Source data START

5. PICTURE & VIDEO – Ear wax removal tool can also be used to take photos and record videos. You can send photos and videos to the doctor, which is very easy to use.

Source data END
Source data START

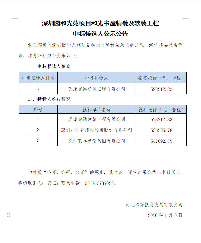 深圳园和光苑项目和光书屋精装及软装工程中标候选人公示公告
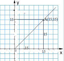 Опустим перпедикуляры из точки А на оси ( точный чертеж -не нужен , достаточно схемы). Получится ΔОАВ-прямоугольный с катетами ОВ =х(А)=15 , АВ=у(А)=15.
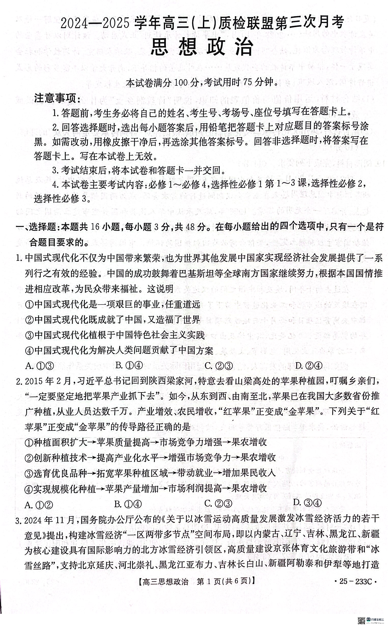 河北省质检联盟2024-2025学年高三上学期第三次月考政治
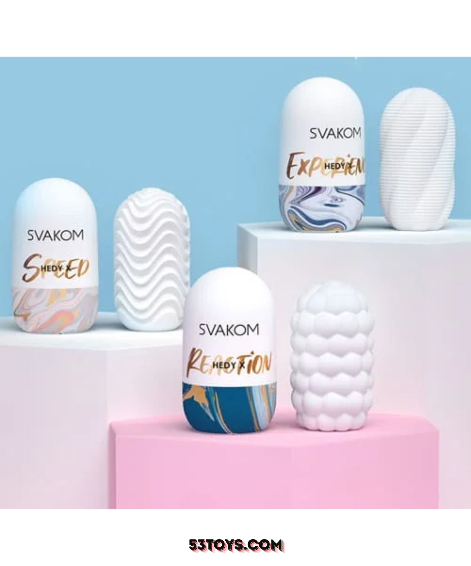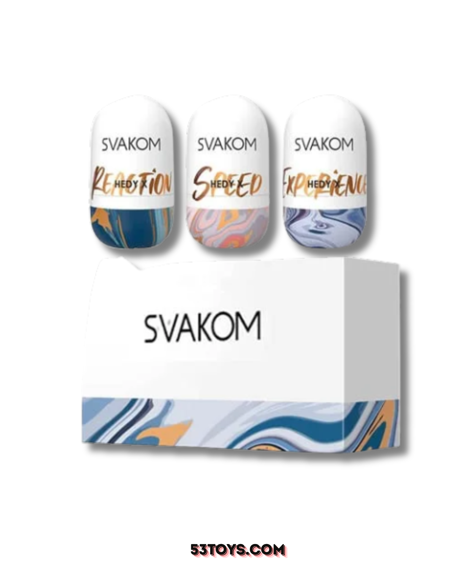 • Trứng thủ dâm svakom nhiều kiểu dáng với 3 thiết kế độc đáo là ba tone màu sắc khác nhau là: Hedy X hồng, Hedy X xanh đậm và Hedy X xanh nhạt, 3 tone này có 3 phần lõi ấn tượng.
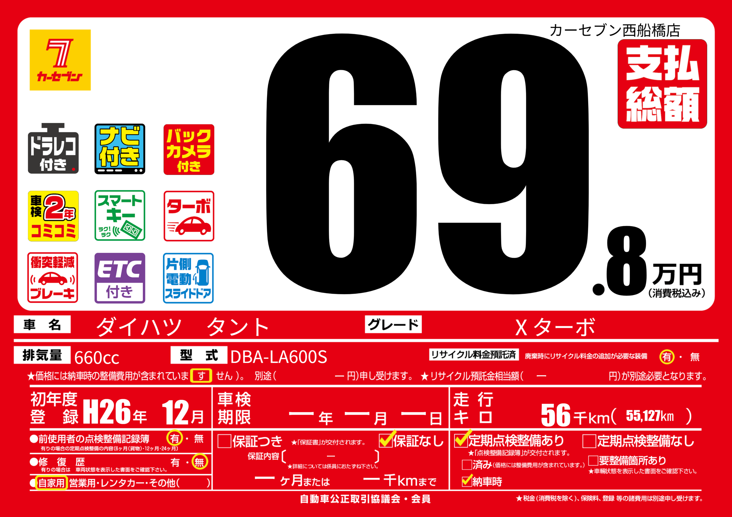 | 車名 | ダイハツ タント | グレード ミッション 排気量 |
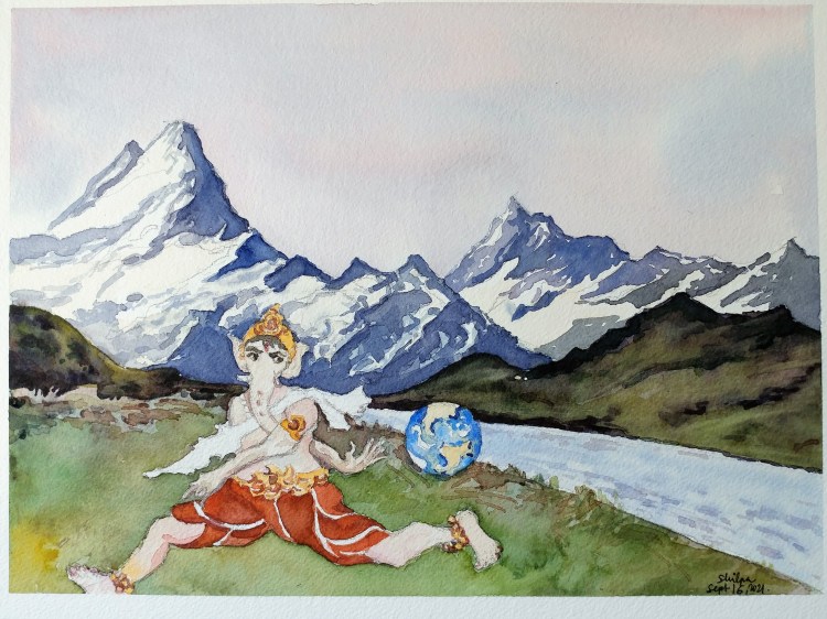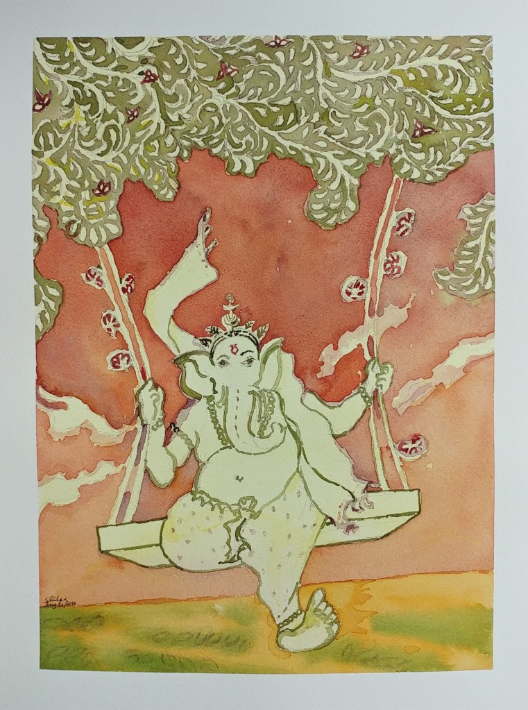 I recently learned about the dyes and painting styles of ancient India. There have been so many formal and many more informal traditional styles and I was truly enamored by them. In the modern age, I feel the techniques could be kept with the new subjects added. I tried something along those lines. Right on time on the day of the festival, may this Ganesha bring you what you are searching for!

Source data END

— Exercise —
How would the lines above read from the one with "ミッション 排気量 |" to the one with "I recently learned", inclusive, with no pictures? Write them out exactly.

— Output of the task —
 | 車名 | ダイハツ タント | グレード ミッション 排気量 |
 I recently learned about the dyes and painting styles of ancient India. There have been so many formal and many more informal traditional styles and I was truly enamored by them. In the modern age, I feel the techniques could be kept with the new subjects added. I tried something along those lines. Right on time on the day of the festival, may this Ganesha bring you what you are searching for!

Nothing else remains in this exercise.